While many of the map’s shipwrecks are unidentified, there are plenty of famous wrecks, tantalizingly known and accessible- though the largest challenge to would-be treasure-hunters is the Chesapeake’s notoriously turbid water. Some of the most famous, like the Peggy Stewart, are also made memorable by the fantastic stories of their demise (burned by the owner to quell an angry mob, in that case). But even the less spectacular wrecks are getting attention, thanks to modern methods of bottom sleuthing, like side scan sonar. Amateur underwater archaeologists and hobbyist shipwreck seekers can combine historic charts and state-of-the-art technology to uncover vessels long obscured by thick black sediment, as exemplified by a recent post on Shawn Kimbro’s blog, Chesapeake Light Tackle.  

Image from Chesapeake Light Tackle.

Kimbro dug into the historic background of a known shipwreck off of Sandy Point, the Herbert D. Maxwell.
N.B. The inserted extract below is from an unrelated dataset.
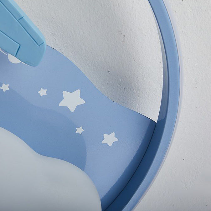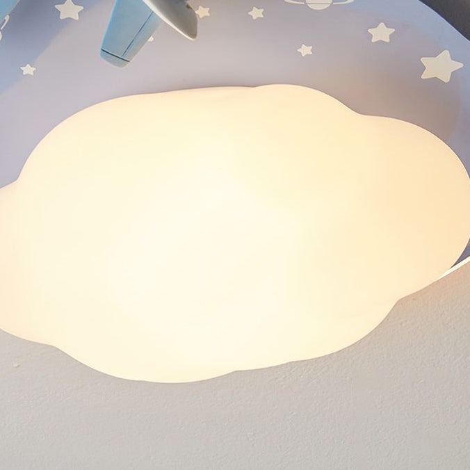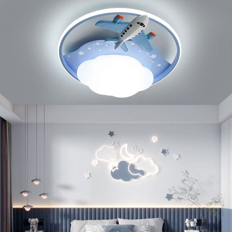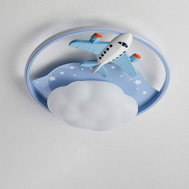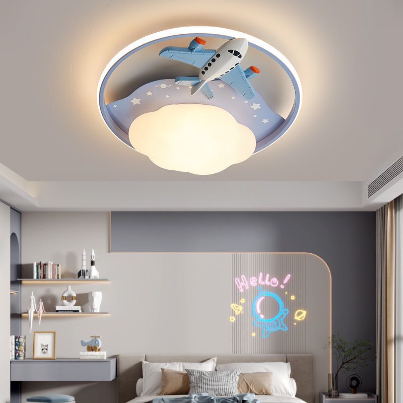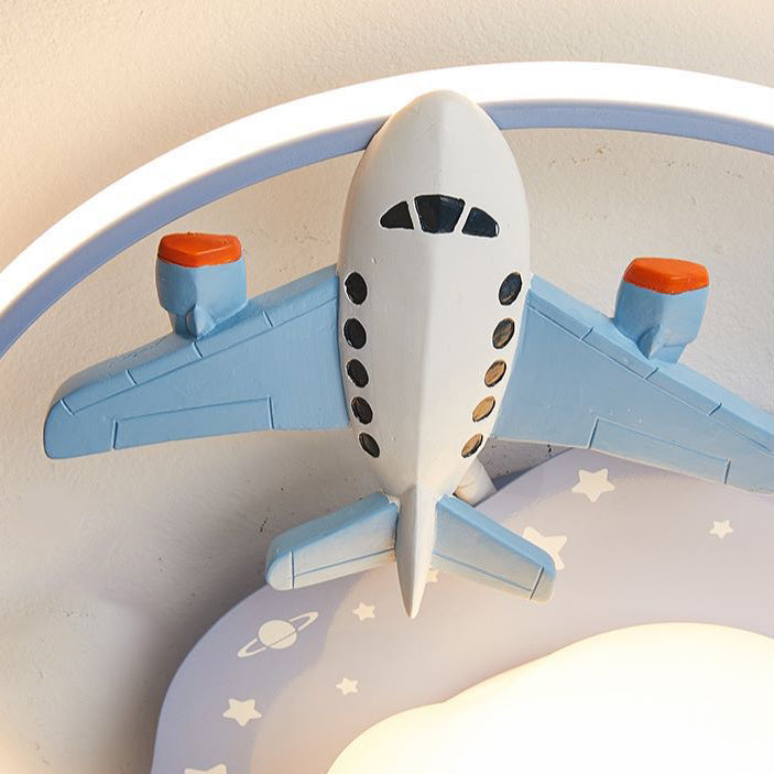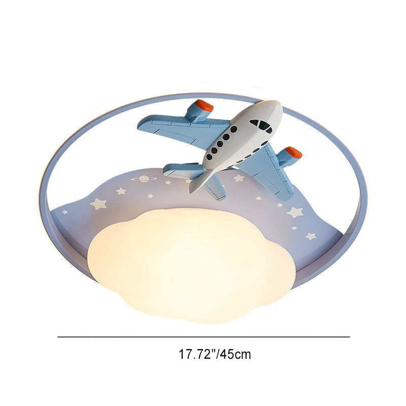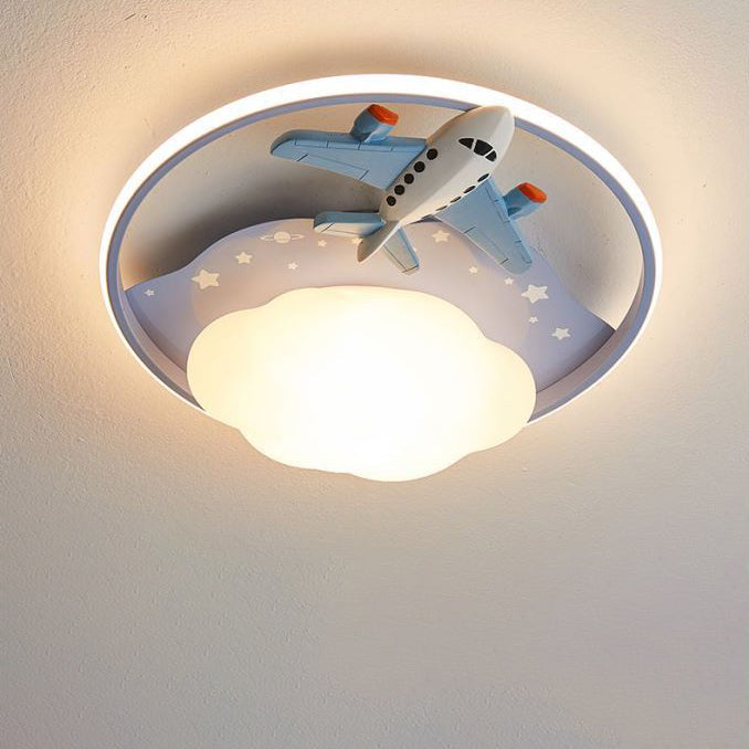 Contemporary Creative Resin Cartoon Airplane Rabbit Iron LED Kids Flush Mount Ceiling Light For Bedroom

A four-masted schooner bound for Maine with a cargo of fertilizer, she was sunk initially in a 1910 collision with the steamer Gloucester that took the lives of four men. She was sunk again (or rather, deeper) by the US Army Corps of Engineers 1912, as her masts and other wreckage were blocking the shipping channel. Since then, she’s faded from view and memory, until resurrected in a series of spectral images by Kimbro’s side scan sonar unit.

Images from Chesapeake Light Tackle.

 Like sepia photos in a shoebox, or discovering your grandma’s cache of cigarettes in a 30-year-old raincoat, these scans are tangible connections with a past that, as Faulkner once said, “is not even past.” It’s what makes them so fascinating- and in general, why we are so interested in shipwrecks. Time capsules, buried by sediment and protected the same water that ultimately drowned them, these vessels powered by steam, sail, and oar linger in brackish purgatory. Their treasure is rarely gold- more often, it’s detritus of a distinctly human scale- ivory toothbrush handles, copper coins, pierced lanterns, nails, canteens, and dice. They wait, lurk, dinosaur bones of a bygone era. Often nameless, these shipwrecks contour the Chesapeake’s bottom by the thousands- which means though many can claim knowledge of their whereabouts, the fresh excitement of new discovery is yours for the taking. All you need, it seems, is a decent depth-finder.